= Finsler's lemma =

Finsler's lemma is a mathematical result named after Paul Finsler. It states equivalent ways to express the positive definiteness of a quadratic form Q constrained by a linear form L.
Since it is equivalent to another lemmas used in optimization and control theory, such as Yakubovich's S-lemma, Finsler's lemma has been given many proofs and has been widely used, particularly in results related to robust optimization and linear matrix inequalities.

== Statement of Finsler's lemma ==

Let $x \in \mathbb{R}^n$, and $Q \in \mathbb{R}^{n \times n}$ and $L \in \mathbb{R}^{n \times n}$ be symmetric matrices. The following statements are equivalent:

- $\displaystyle x^{T}Lx=0 \text{ and } x \ne 0 \text{ implies } x^T Q x < 0.$
- $\exists \mu \in \mathbb{R} : Q - \mu L \prec 0.$

== Variants ==

=== Non-Strict Finsler Lemma ===
When the matrix L is indefinite, replacing strict inequalities with non-strict ones still maintains the equivalence between the statements of Finsler's lemma. However, if L is not indefinite, additional assumptions are necessary to ensure equivalence between the statements.

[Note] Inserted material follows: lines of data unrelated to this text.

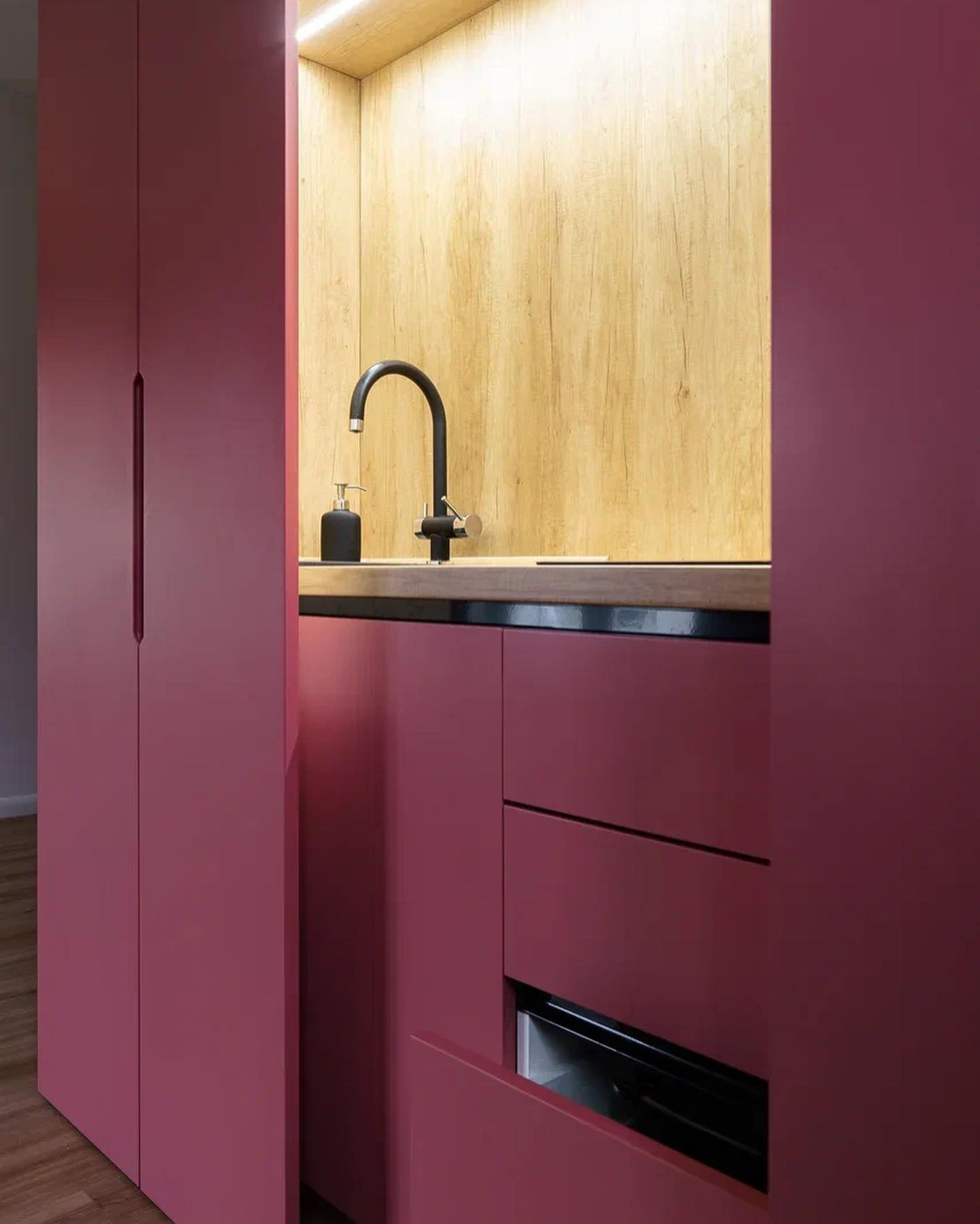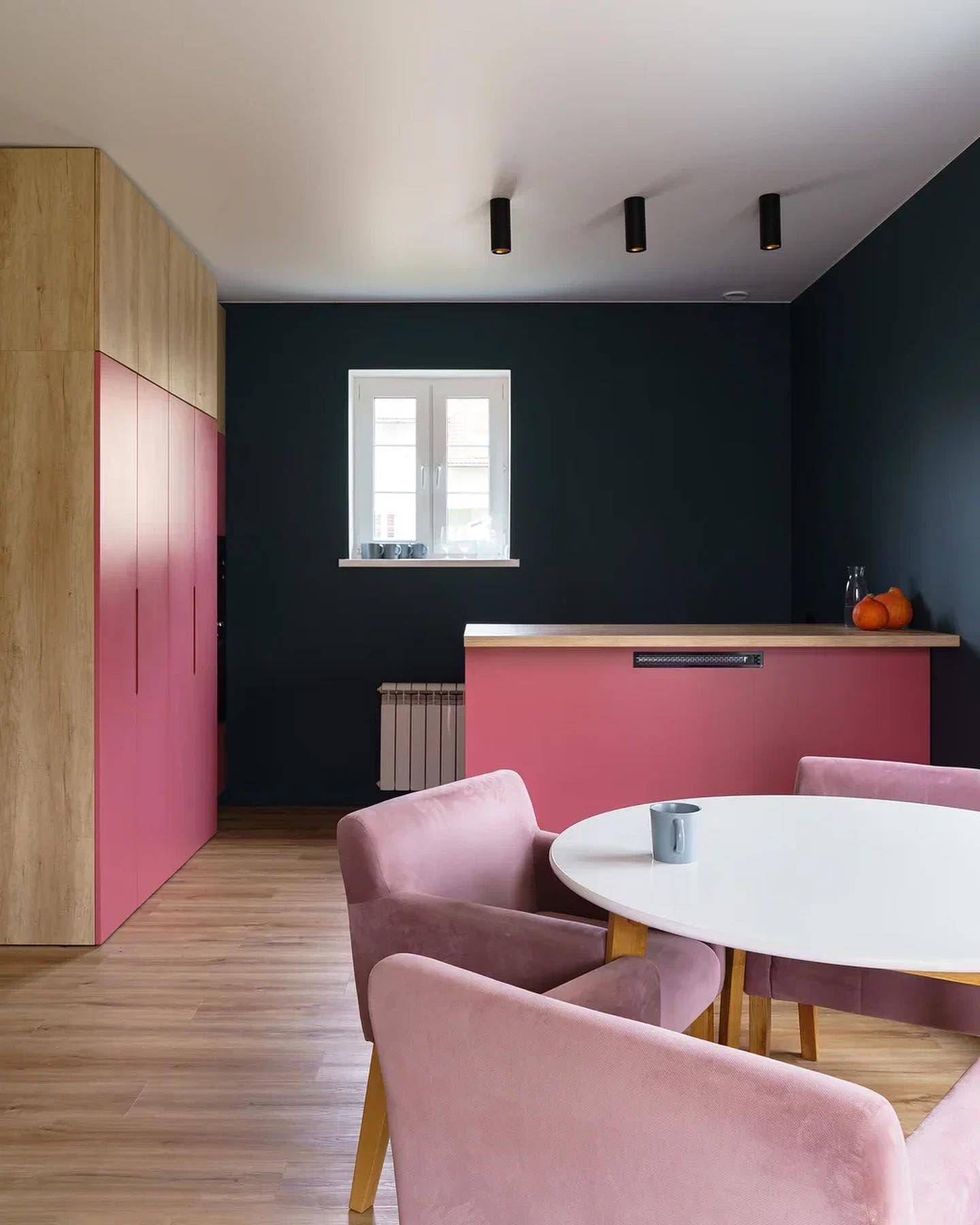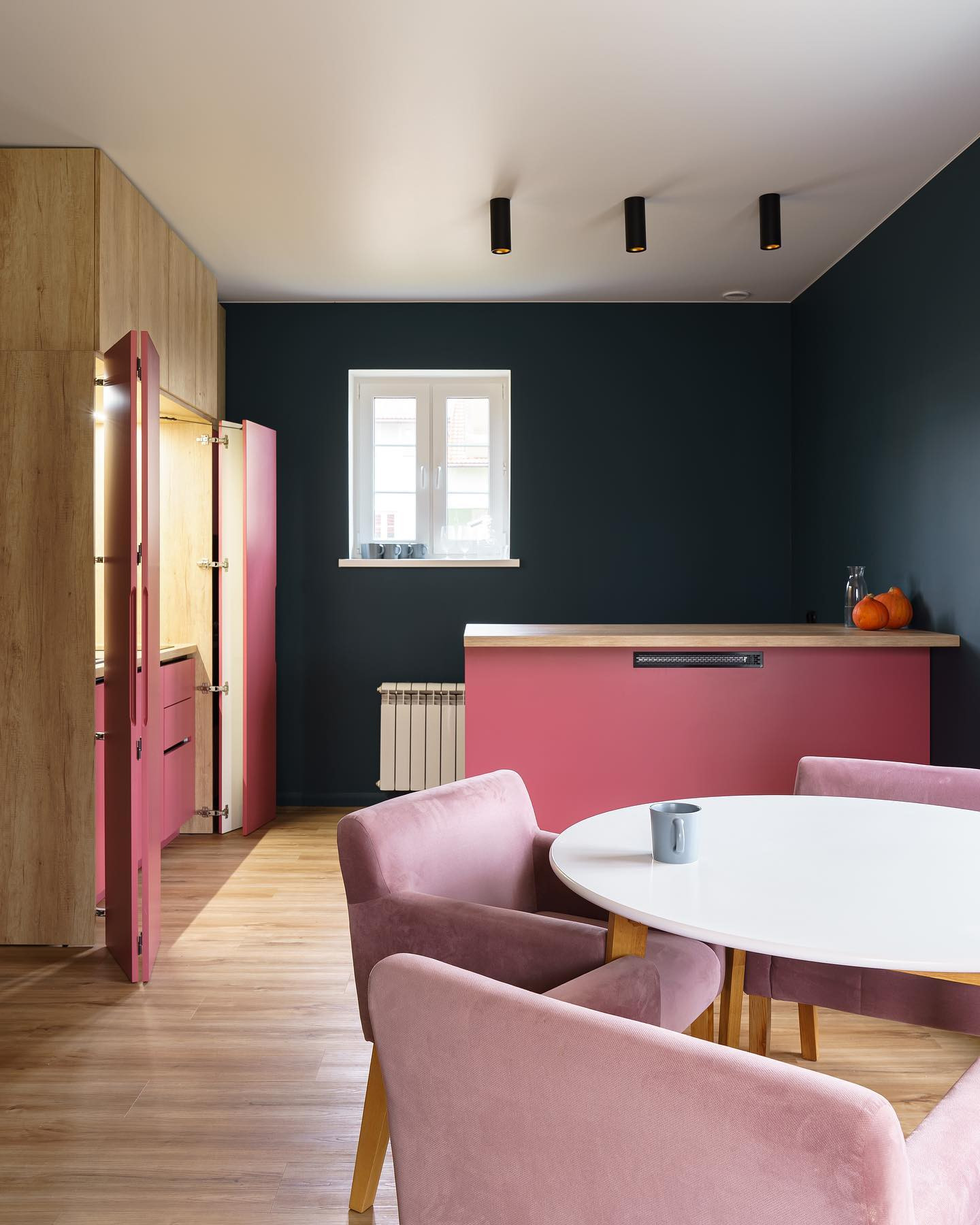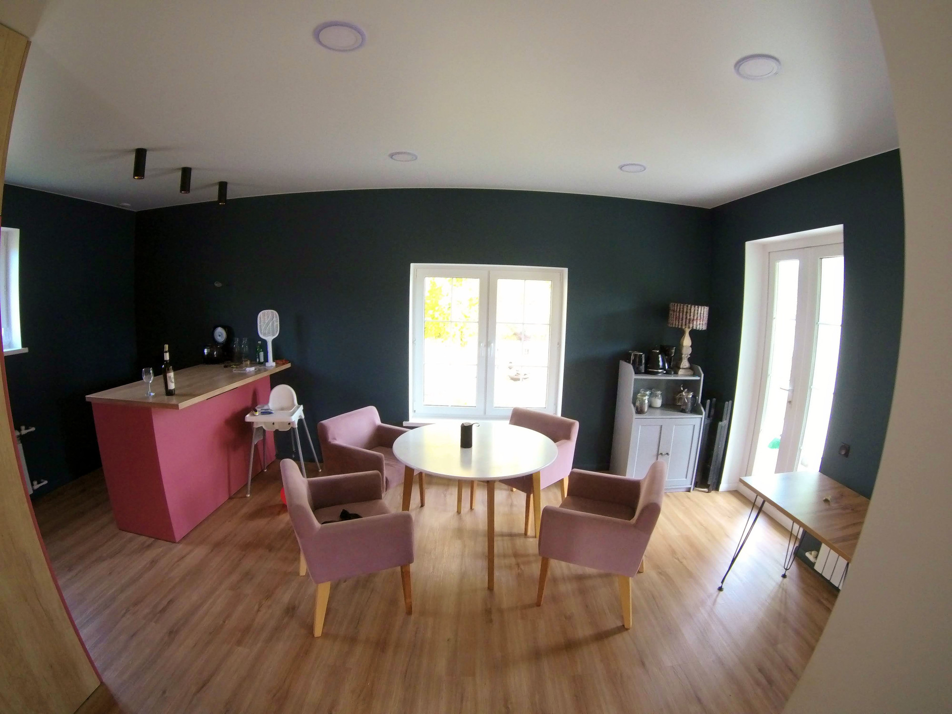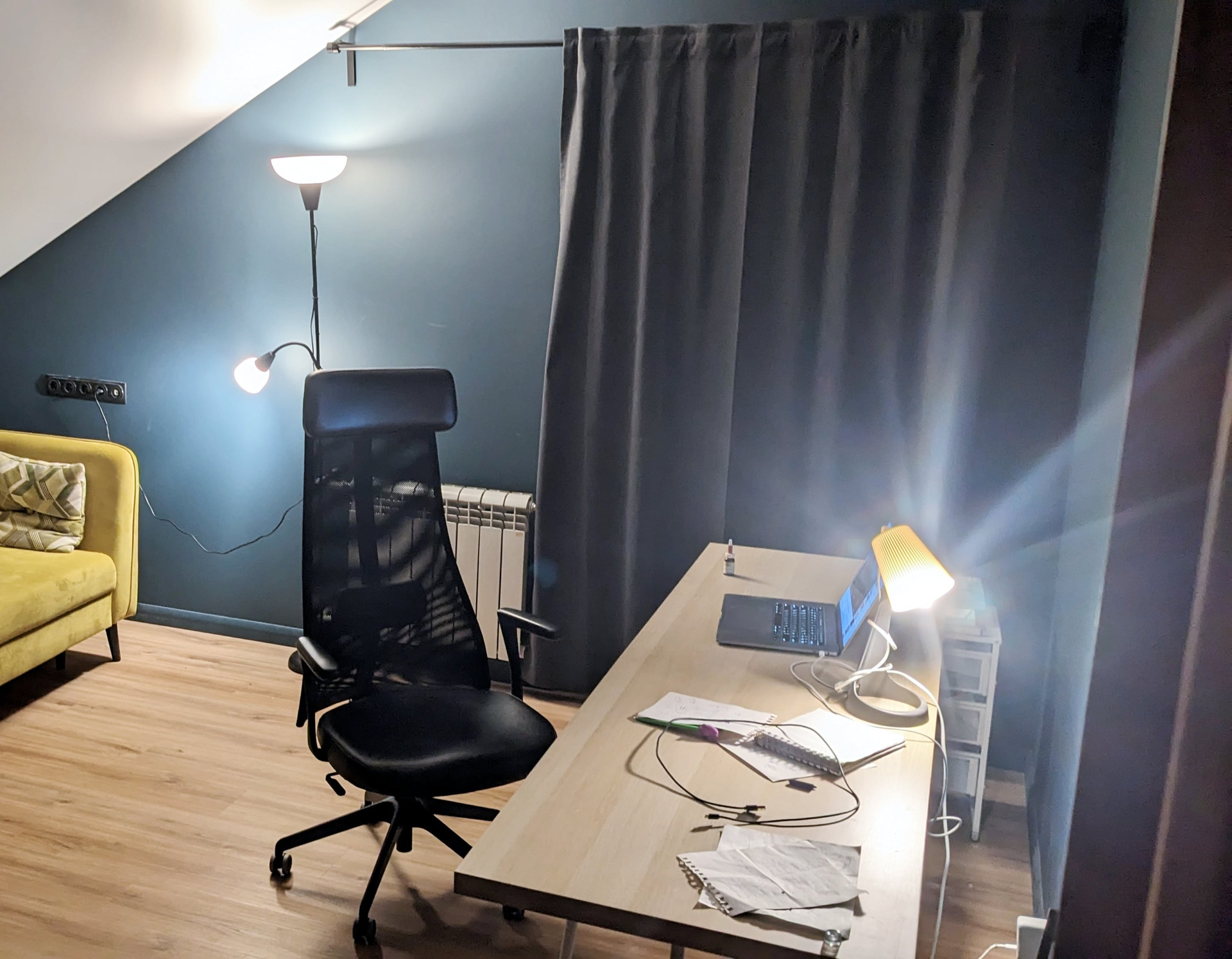 Покрасили стены в цвет nuernberg green, и оказалось что они меняют цвет от зеленоватого до синеватого в зависимости от времени суток. Мы покрасили плинтуса в цвет стен и это смотрится очень круто.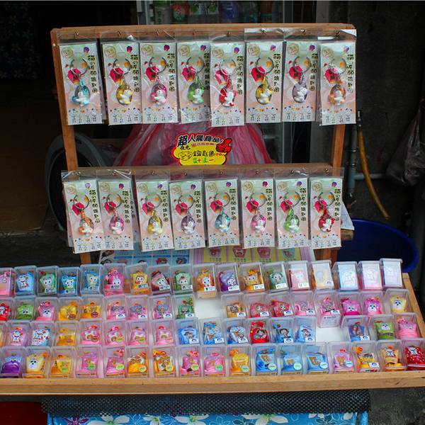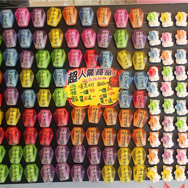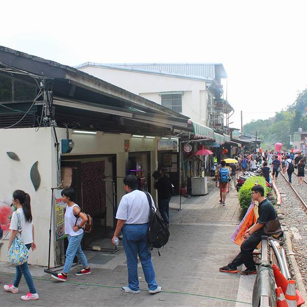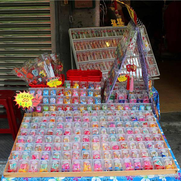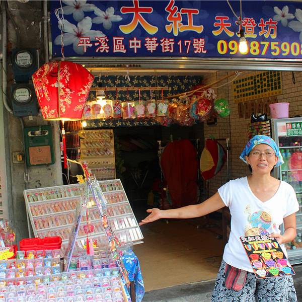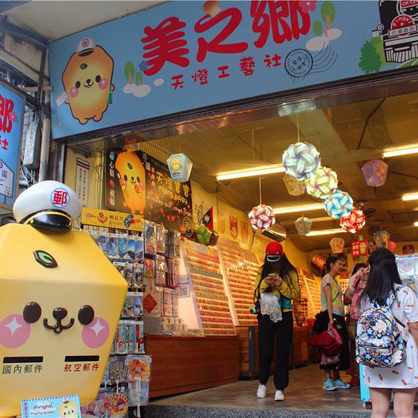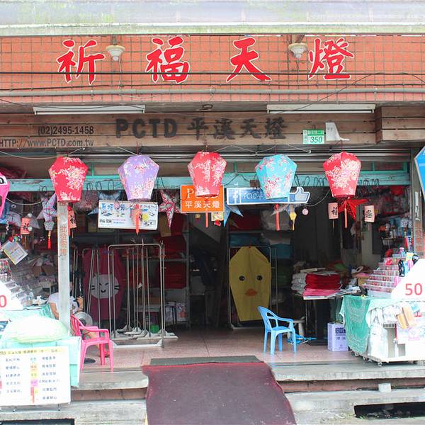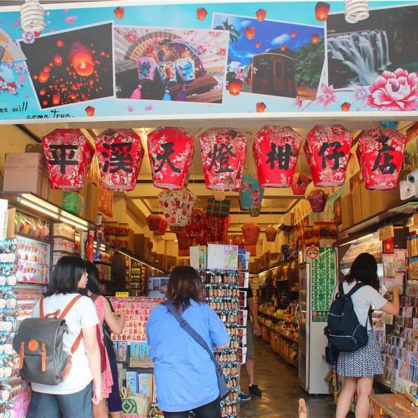 到了平溪站以后,下车的地方开始就是放天灯的地方,各种店!有好多人在店门口吆喝着让大家过去放天灯,中英日韩各种语言,天灯的店里还有各种小天灯纪念品,我买了一个夜明的天灯挂坠,非常漂亮。好像是25块新台币,普通的那种只有10块新台币而已。如果放天灯可以在这里放,之后可以走向箱子里,里面有很多小吃店,味道非常不错,有些还上过电视节目。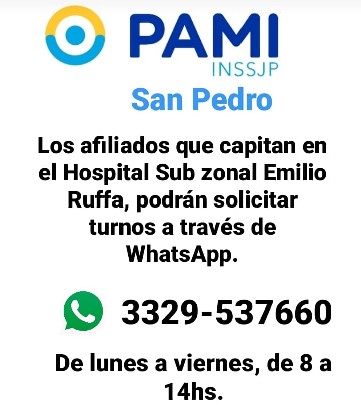La titular de la delegación PAMI San Pedro confirmó a través de las redes sociales que, a partir de ahora, aquellos/as afiliados/as que capitan en el Hospital Subzonal Emilio Ruffa, podráan obtener sus turnos para consultas con especialistas a través de Whatsapp.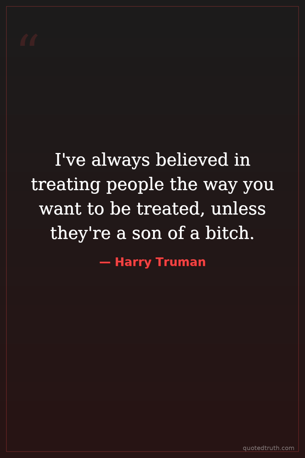 I've always believed in treating people the way you want to be treated, unless they're a son of a bitch.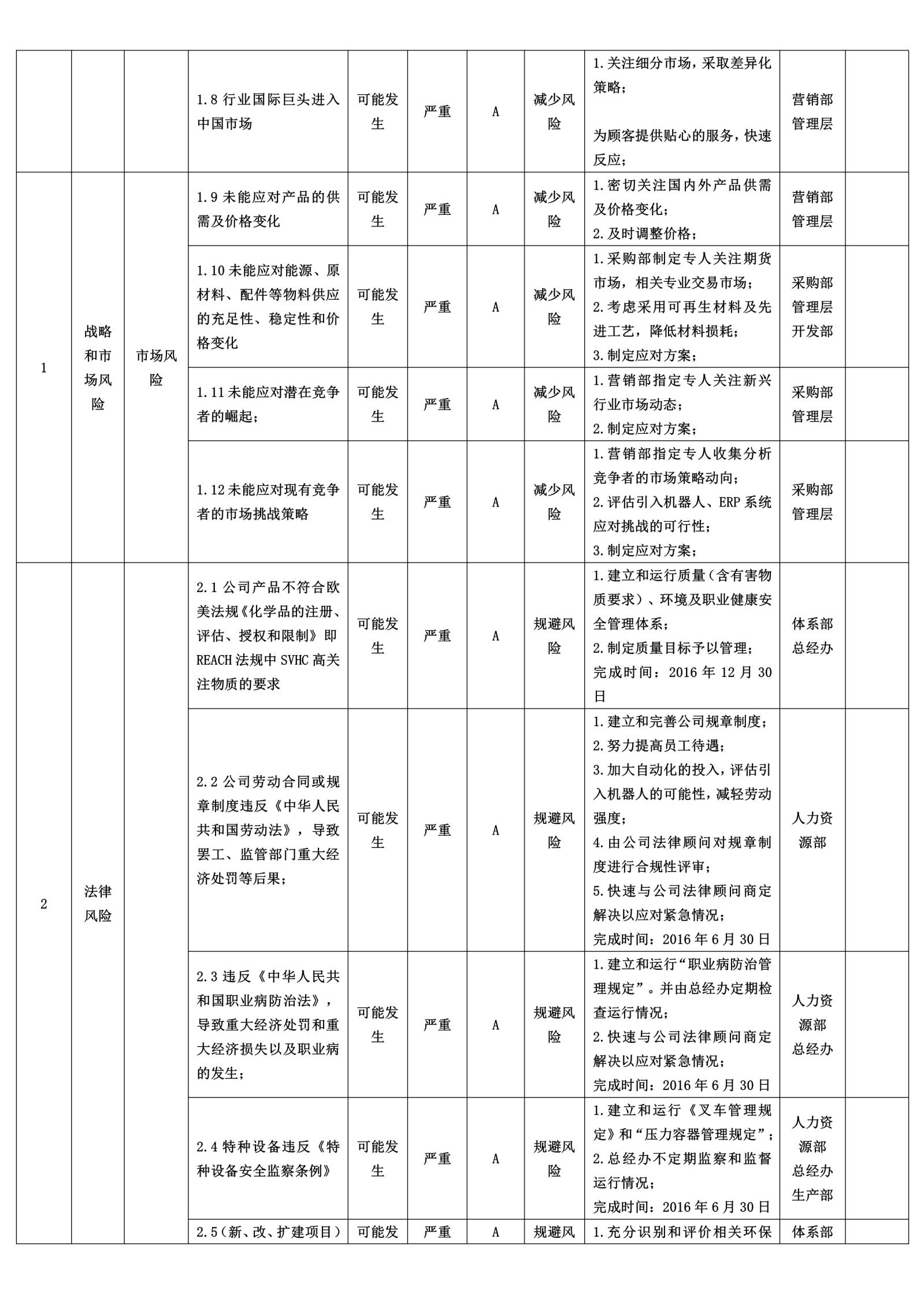 表5-8某公司经营风险分析评估和应对措施表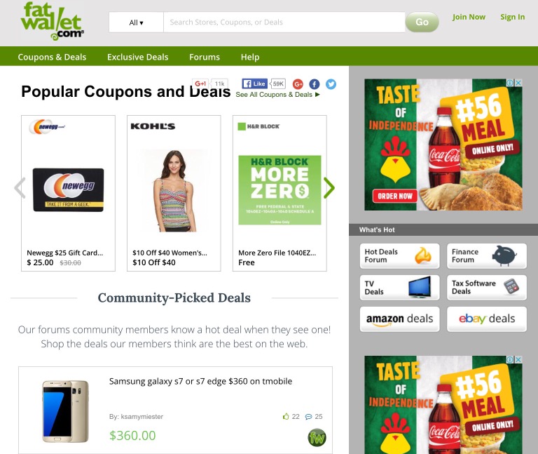 Fatwallet.com is among the top coupon websites online. Most FatWallet™ shoppers are looking for a quick and easy path to online coupons and deals…and they’ve made it that simple. Whether you’re in need of a store coupon or the hottest deals by category, you’ll find the latest coupon codes, promo codes and sale discounts from more than 1,600 trusted and popular online stores like Newegg, Walmart, Amazon and eBay.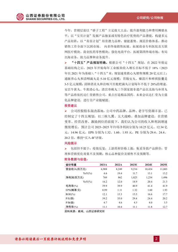 公司控股股东混改落地,公司中药品牌、品种、老字号资源丰富,已经制定了十四五规划,以三核九翼、五大战略、叠加品牌建设,在营销变革、经营改善、激励到位的前提下,我们认为公司的收入和利润增速继续增长。预计公司2023~2025年归母净利润分别为10.25亿元、12.34亿元、14.96亿元,EPS分别为1.32、1.60、1.93元,PE分别为29.4、24.4、20.2倍,维持“买入-B”评级。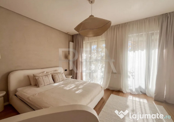 Zona de zi beneficiază de ferestre ample și acces direct către grădină, bucătăria este integrată și complet utilată, dormitorul matrimonial dispune de dressing și acces la balcon, iar cele două băi sunt finisate premium, una dintre ele cu walk-in shower.

=== Extra equivalences when L is positive semi-definite ===
In the particular case that L is positive semi-definite, it is possible to decompose it as L = B^{T}B. The following statements, which are also referred as Finsler's lemma in the literature, are equivalent:

- $x^T Q x < 0 \text{ for all } x \in \ker(B)\smallsetminus\{0\}$
- $B^{\perp^T} Q B^\perp \prec 0$
- $\exists \mu \in \mathbb{R} : Q - \mu B^T B \prec 0$
- $\exists X \in \mathbb{R}^{n \times m} : Q + XB + B^T X^T \prec 0$

=== Matrix Finsler's lemma ===
There is also a variant of Finsler's lemma for quadratic matrix inequalities, known as matrix Finsler's lemma, which states that the following statements are equivalent for symmetric matrices Q and L belonging to R^{(l+k)x(l+k)}:

- $$\left[\begin{array}{l}
I \\
Z
\end{array}\right]^{\top} Q\left[\begin{array}{l}
I \\
Z
\end{array}\right] \succeq 0 \text{ for all } Z \in \mathbb{R}^{l \times k} \text { such that }\left[\begin{array}{l}
I \\
Z
\end{array}\right]^{\top} L\left[\begin{array}{l}
I \\
Z
\end{array}\right]=0$$
- $\exists \mu \in \mathbb{R} : Q - \mu L \succeq 0$

under the assumption that

$$Q = \begin{bmatrix}
Q_{11} & Q_{12} \\
Q_{12}^T & Q_{22}
\end{bmatrix}$$ and $$L = \begin{bmatrix}
L_{11} & L_{12} \\
L_{12}^T & L_{22}
\end{bmatrix}$$

satisfy the following assumptions:

1. Q_{12} = 0 and Q_{22} < 0,
2. L_{22} < 0, and L_{11} - L_{12}L_{22}^{+}L_{12} = 0, and
3. there exists a matrix G such that Q_{11} + G^{T}Q_{22}G > 0 and L_{22}G = L_{12}^{T}_{.}

== Generalizations ==

=== Projection lemma ===

The equivalence between the following statements is also common on the literature of linear matrix inequalities, and is known as the Projection Lemma (or also as Elimination Lemma):
- $B^{\perp^T} Q B^\perp \prec 0 \text{ and } C^{T \perp T} Q C^{T \perp} \prec 0$
- $\exists X \in \mathbb{R}^{n \times m} : Q + CXB + B^T X^T C^T \prec 0$
This lemma generalizes one of the Finsler's lemma variants by including an extra matrix C and an extra constraint involving this extra matrix.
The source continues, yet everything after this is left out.